My annual list of totally optional, merely suggested things for Baltimore Sun readers to do in the new year begins with this: Don’t make resolutions.
Instead, make a list of 12 things you’d like to do in 2025 — just one per month — then check them off as you go.
This is more practical than making resolutions that invite futility and, ultimately, make you feel like a loathsome sluggard.
I’ll make two suggestions for each month (plus one, for a total of 25 to go with the new year) to get you started. But come up with your own — 12 things you’ve been meaning to do for a while — and stick the list on the refrigerator.
January: Buy some stationery — in Baltimore, there’s Paper Herald on St. Paul Street — get a good pen, and spend one afternoon writing (yes, by hand!) a few, brief letters to a few old friends. … Attend the Jan. 18 revival of H.L. Mencken’s Saturday Night Club, with music, food and drink at the Mencken House in Union Square. A fundraiser to benefit the house as well as the restoration of Mencken’s piano, it’s envisioned as the first in a series of Saturday night gatherings.

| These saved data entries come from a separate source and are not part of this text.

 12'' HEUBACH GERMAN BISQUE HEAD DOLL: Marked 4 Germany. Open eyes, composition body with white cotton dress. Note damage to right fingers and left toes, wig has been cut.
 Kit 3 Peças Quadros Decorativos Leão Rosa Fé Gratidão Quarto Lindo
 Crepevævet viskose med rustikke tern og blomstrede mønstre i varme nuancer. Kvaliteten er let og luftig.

February: Spend one winter afternoon writing letters to Republicans in Congress, urging them to extend the prescription drug benefits of President Biden’s Inflation Reduction Act. … Visit “Lynching in Maryland,” a permanent exhibit that opened in October at the the Reginald F. Lewis Museum of Maryland African American History & Culture “to honor the victims of the 38 documented racial terror lynchings that occurred in the state between 1854 and 1933.”

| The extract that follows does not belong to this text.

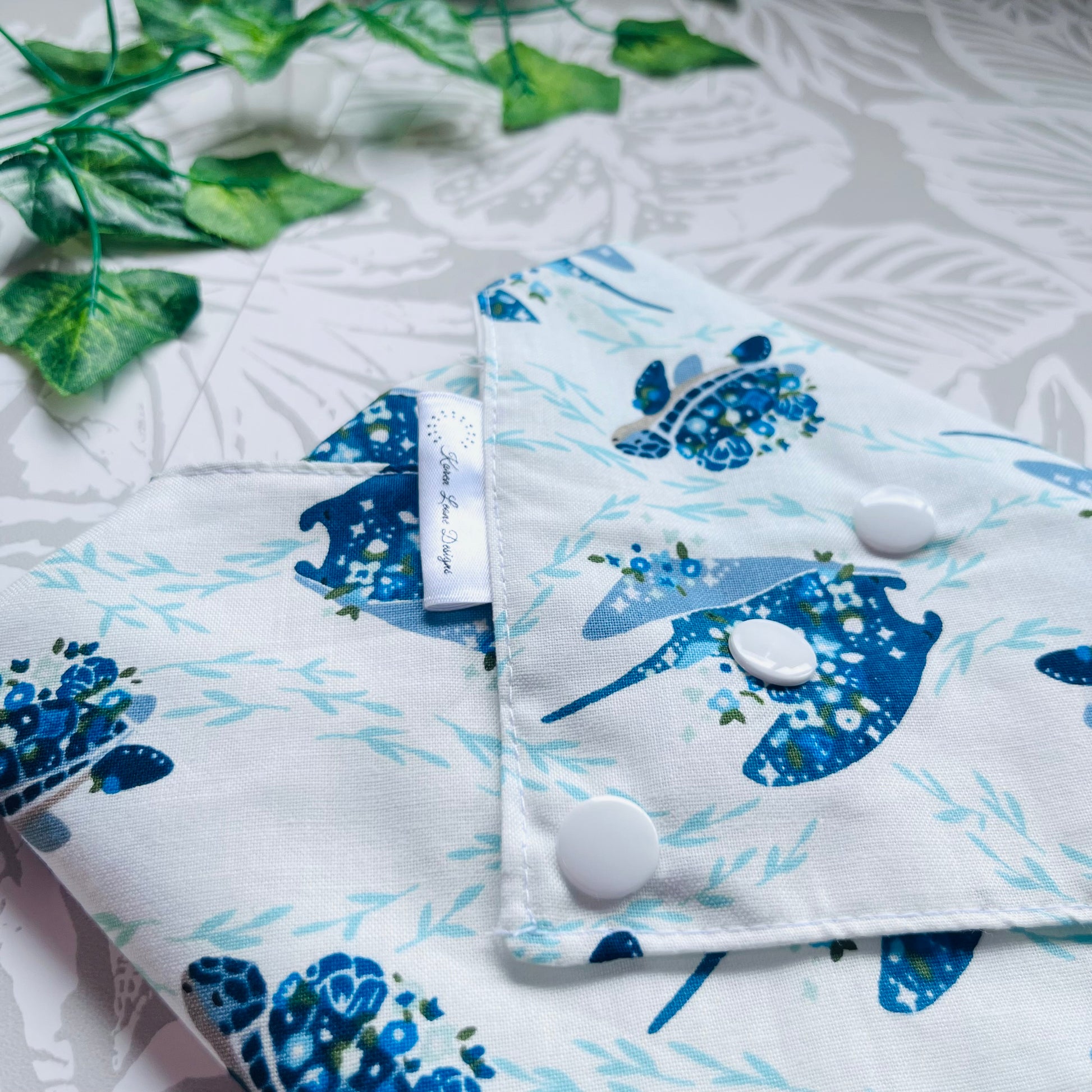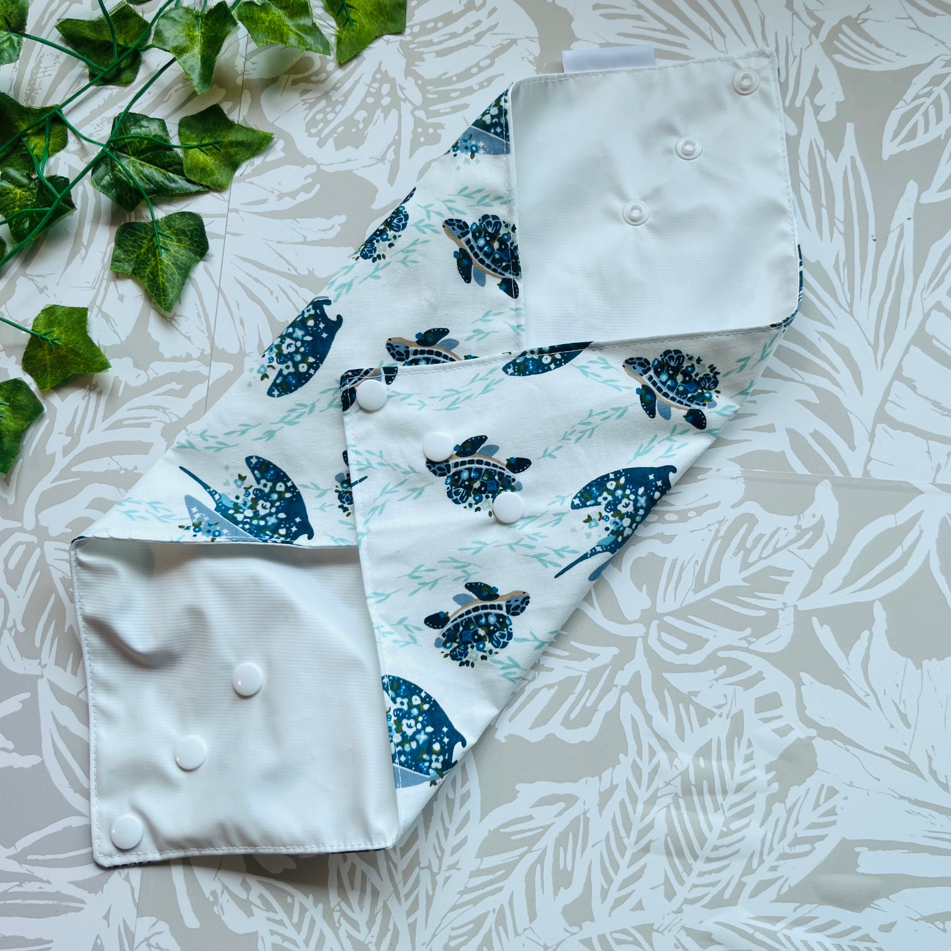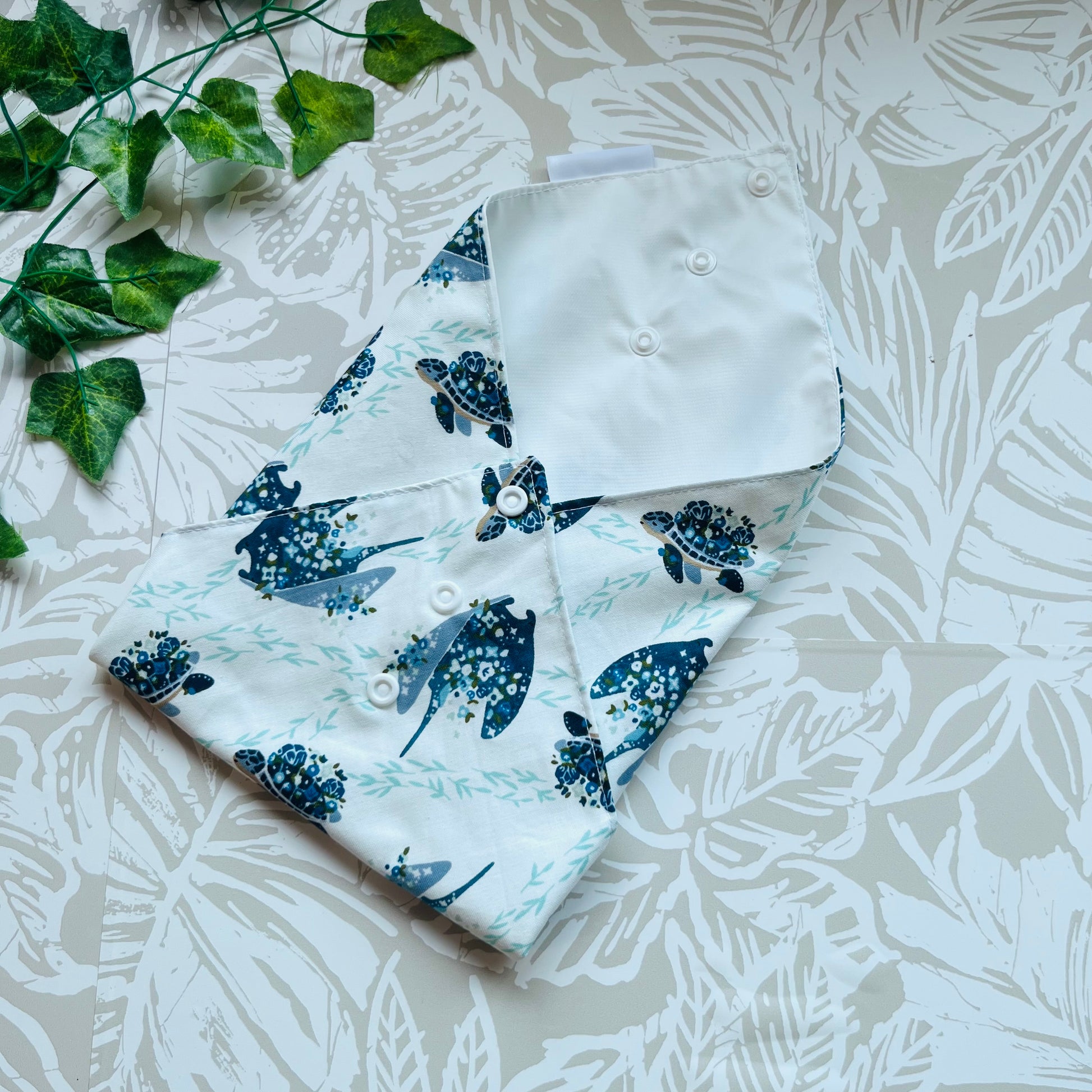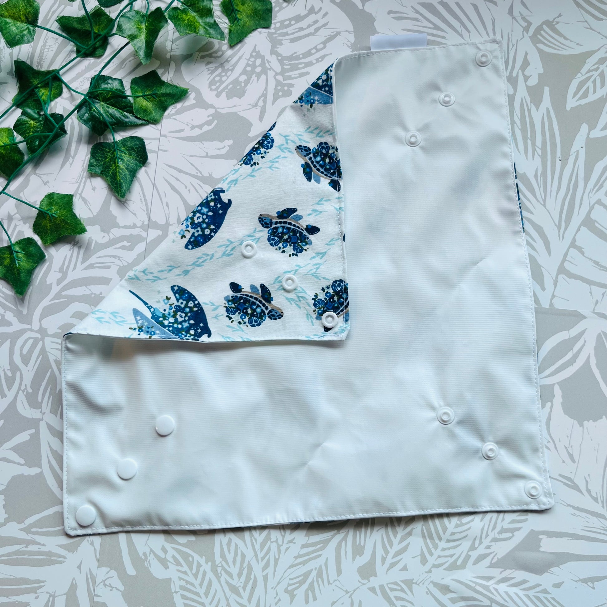 These wraps are made with 100% cotton, a food safe waterproof PUL fabric and plastic snaps
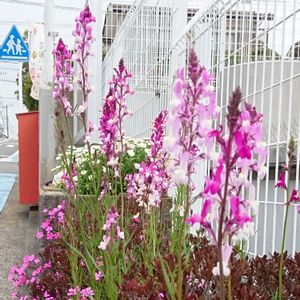 地元のバス停にて🚏🚌 季節の花が植えられていて、いつも綺麗です✨ ところで、この背の高いお花はなんというのでしょう? 教えて下さい!

March: Get to a bookstore: Greedy Reads, The Ivy, Charm City or, on the Eastern Shore, The Bookplate in Chestertown. … Cook something challenging: Try to bake a timpano, the Calabrian pasta-meat-cheese concoction, shaped like an upside down kettle drum, made famous in the film, “Big Night,” and featured in Stanley Tucci’s cookbook. (This was on my list last year, but I didn’t get to it.) … Bonus suggestion: Actually attend Baltimore’s Saint Patrick Parade on Sunday, March 16.
April: At mid-month, drive to Darlington in Harford County, park near the Stafford Road Bridge and find a place to watch the herring and shad run up Deer Creek. If you don’t spot fish there, drive across Conowingo Dam to the hamlet of Sleepy Hollow; you’re bound to see the migrating fish in Octoraro Creek from the Dr. Jack Road Bridge. … On a rainy day, make a long-overdue visit to a public library.
May: If you’ve never actually seen a Baltimore oriole in the flesh — or, pardon me, in the feather — get some binoculars and head to Cromwell Valley Park in Baltimore County. Your chances of seeing one are good there. Look for them in tall sycamores, and near Minebank Run. … If you’ve never actually seen Baltimore’s Kinetic Sculpture Race, do yourself the favor and mark it on the calendar: May 3.
June: There are a couple of times this month when the Orioles play a day game away. Watch it at the Swallow at the Hollow, York Road and Northern Parkway. It’s a great place to hang out and talk baseball (or any sport) with customers and bartenders. … In the first week of the month, you can watch artists painting street scenes in Annapolis, en plein air.
July: You can work up a nice sweat and then cool off by hiking the upper Gunpowder River trail in Baltimore County, finishing at the Prettyboy Reservoir dam. The mist from the bottom-water of the reservoir spilling into the pool below the dam drops the air temperature 10 to 15 degrees. … If you haven’t been to Prigel Family Creamery in Glen Arm for an ice cream, this is the time to do it.
August: Head to Garrett County and hike up Backbone Mountain to the highest point in Maryland (3,360 feet). … Or go to Snow Hill, Worcester County, and rent a canoe or kayak to paddle the Pocomoke.
September: Go to a Navy football game; you’ve been meaning to do that for years. The Midshipmen have at least three home games in Annapolis and the Army game in Baltimore in December. … Look for August Wilson plays at Everyman, Spotlighters and Chesapeake Shakespeare during the fall, part of the ongoing Wilson celebration at Baltimore theaters.
October: Give yourself the Charles Street Challenge: Starting at the old Pabst Brewing Company on the south side of the city, walk Charles Street all the way to Bellona Avenue on the north. (This will probably take more than one day.) … Visit Green Ridge State Forest in Allegany County and enjoy the fall foliage (and perfect solitude) from the observation deck there.
November: This is the start of a great time to see the migrating bald eagles along the Susquehanna River at Conowingo. It can be an epic experience. … Open your house for board games — Monopoly, Ticket To Ride, Stratego, Scrabble — set them up on different tables, invite your friends and neighbors to drop by and play. You’ll wonder why you didn’t do it before.
December: The annual illumination at Antietam National Battlefield happens as darkness falls on the first Saturday in December: 23,000 candles on the fields where thousands died to save — and thousands more died to end — the union during the Civil War. … Do all your holiday gift shopping in thrift stores or in neighbor bulk trash; it worked out beautifully for me this year.